メルティス刑事
ああ、こんなこと書き出したら、また仕事の予定が狂うんだけどなー。
「サンチャゴに雨が降る」続きで。
ちなみに、私がリンクした予告編で、軍隊に対抗して床に銃持って伏せて射撃してる人たち、多分、現職の閣僚たちです。大統領とともに、自分たちの政府をクーデターから守ろうとして最後まで戦った大臣たち。あの頃、日本で政権とってたの誰だったかもう忘れましたが、日本だったらとぼんやり思ったような気がする。追いつめられた彼らが、大統領以下、タオルで覆面して硝煙の中、ゆらゆらと階段の上から現れるスローモーションの場面も、目に焼きついて離れません。
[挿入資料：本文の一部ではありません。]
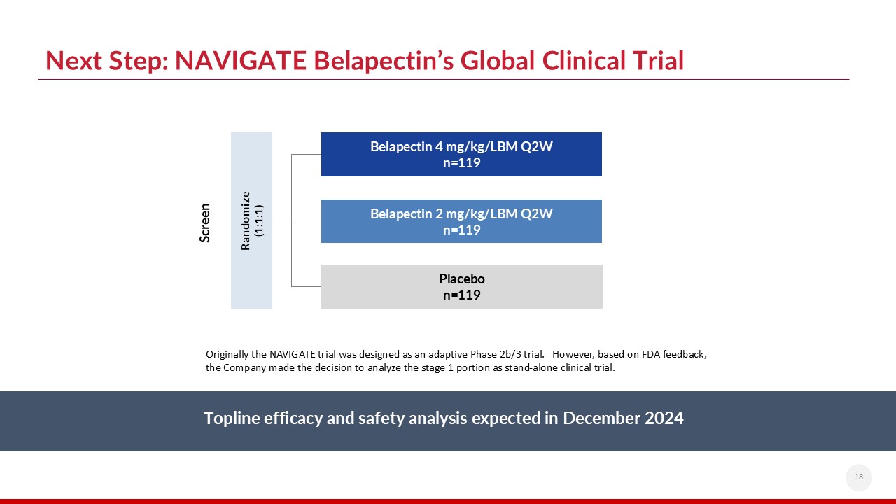 Belapectin is a novel, potent, galectin-3 inhibitor with Fast Track Designation  Low toxicity as a carbohydrate-based molecule which is degraded by natural processes   Patent protection through 2035  Only company to exclusively focus on treatment for the cirrhotic stage of MASH  Significant efficacy observed in cirrhotic patients without varices  Ongoing NAVIGATE global clinical trial; topline results expected in December 2024  Encouraging clinical response in difficult-to-treat cancers in combination with checkpoint inhibitor  IND filed and approval to proceed received from FDA (Head & Neck cancer)  Developing galectin-based therapeutics to improve the lives of patients with chronic liver diseases and cancer  $27M* cash and $6M remaining under line of credit provided by GALT Chairman*  Cash runway expected through May 2025  *As of September 30, 2024.  Focused Pipeline  MASH Cirrhosis  Oncology (Combination Therapy)  Finance  Investment Highlights  3
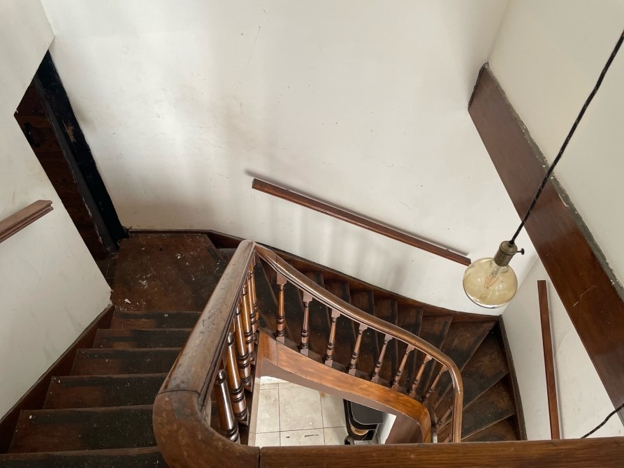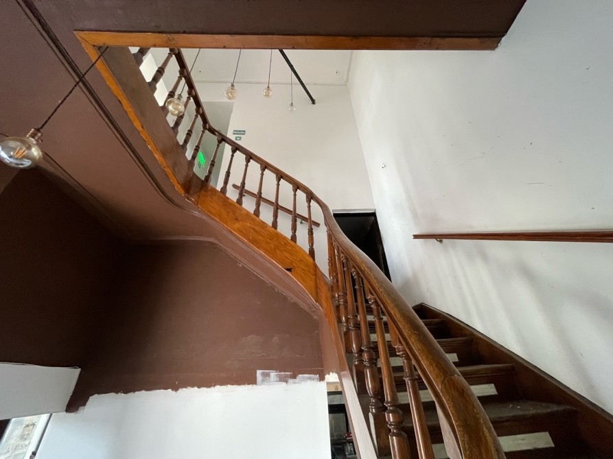 • Detalles de época: escalera de madera, balcón, ventanales altos, estructura sólida y elegante.
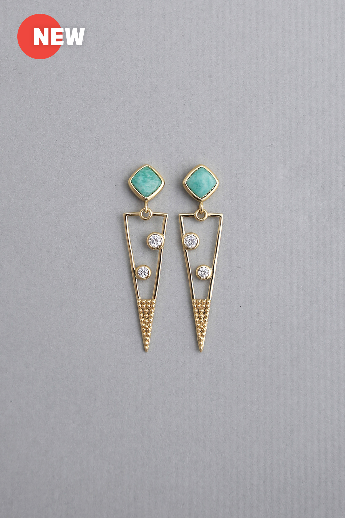 Main stones and sizes : Inlaid stone Amazonite, 6x6 mm cushion
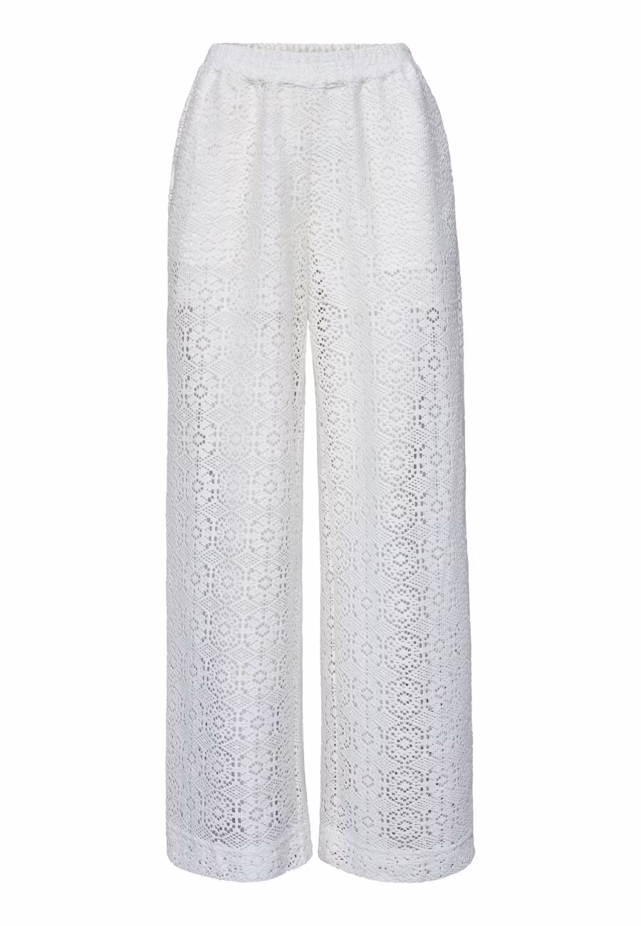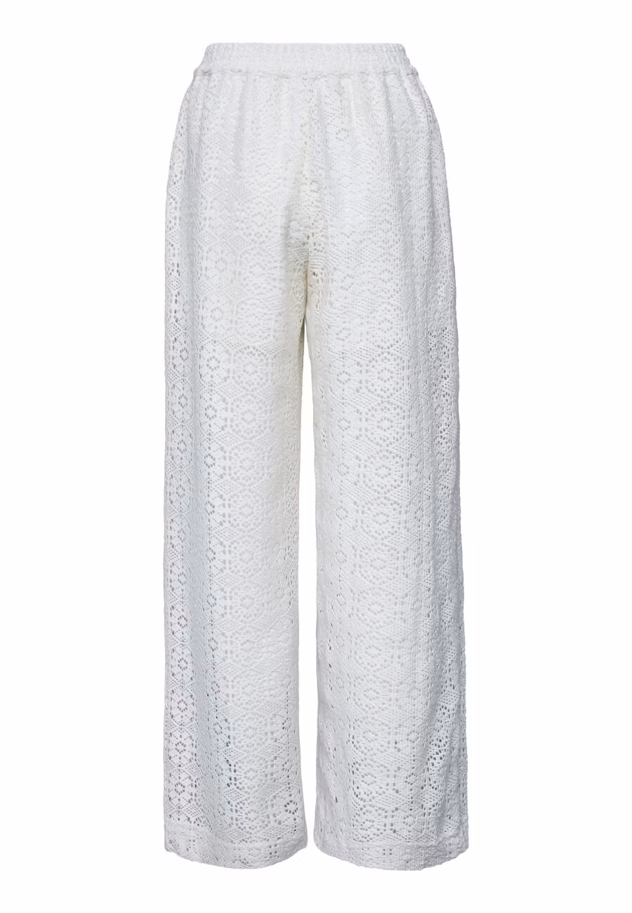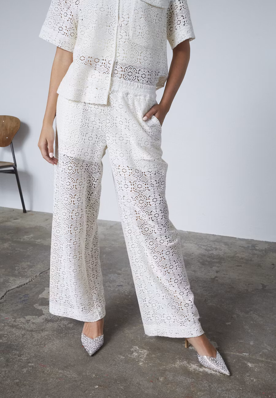 ELSIA-PA är ett par luftiga och lätta byxor i ett fint, vävt mönster. Shortsen har en bekväm resår i midjan och en lös passform. De har påsydda undershorts. Modellen bär storlek S.

政府を支持しようとする学生も市民も労働組合員も軍人も、それぞれの場所で粛清され、死を迎えます。初めの方で、軍隊の中の一室で、一人ずつ兵士が面接され、思想信条が異なると判断された者は、そのまま銃殺の処分になる展開も息がつまりました。
大臣の一人ブコヴィッチを演じるのは、「さらば友よ」で、アラン・ドロンとチャールス・ブロンソンの友情にからむ、刑事メルティスを演じた俳優さんです。「さらば友よ」でもいい役で、この映画も好きでしたから、「サンチャゴに雨が降る」で登場したとき、なつかしくて、うれしくて、誇らしくて。この映画、チリのクーデターに抗議して、フランスやブルガリアの映画人たちが、協力して作った映画なんですよね。すぐ翌年かに公開された。
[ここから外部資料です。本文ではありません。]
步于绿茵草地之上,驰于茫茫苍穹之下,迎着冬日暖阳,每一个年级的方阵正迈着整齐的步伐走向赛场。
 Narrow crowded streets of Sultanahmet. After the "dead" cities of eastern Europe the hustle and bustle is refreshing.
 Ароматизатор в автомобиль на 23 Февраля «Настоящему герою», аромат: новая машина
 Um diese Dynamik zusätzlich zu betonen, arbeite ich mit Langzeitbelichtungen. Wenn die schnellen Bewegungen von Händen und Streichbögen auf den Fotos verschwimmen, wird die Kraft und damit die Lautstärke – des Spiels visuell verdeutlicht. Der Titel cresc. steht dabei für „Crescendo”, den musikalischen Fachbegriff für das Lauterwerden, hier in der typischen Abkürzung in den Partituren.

でも、この映画を私が大好きなのは、そんなに急いで作られたのに、ちっとも雑じゃないし、大ざっぱなスローガンやアピールを全面に出してもいないところ。むしろシャープでお洒落で、カッコいい。そしてメルティスさんもだけど、外国のジャーナリストを演じる俳優さんが、たとえばホテルの外の銃声に、ぱっと振り向くシーンなんかも、その顔や動作がすべて、きゃっと言いたくなるほど、何でもないけど美しい。さすがもう、フランス映画、ヨーロッパ映画と、つい思わせる。
いかん、こりゃ、まだ続くかもな(笑)。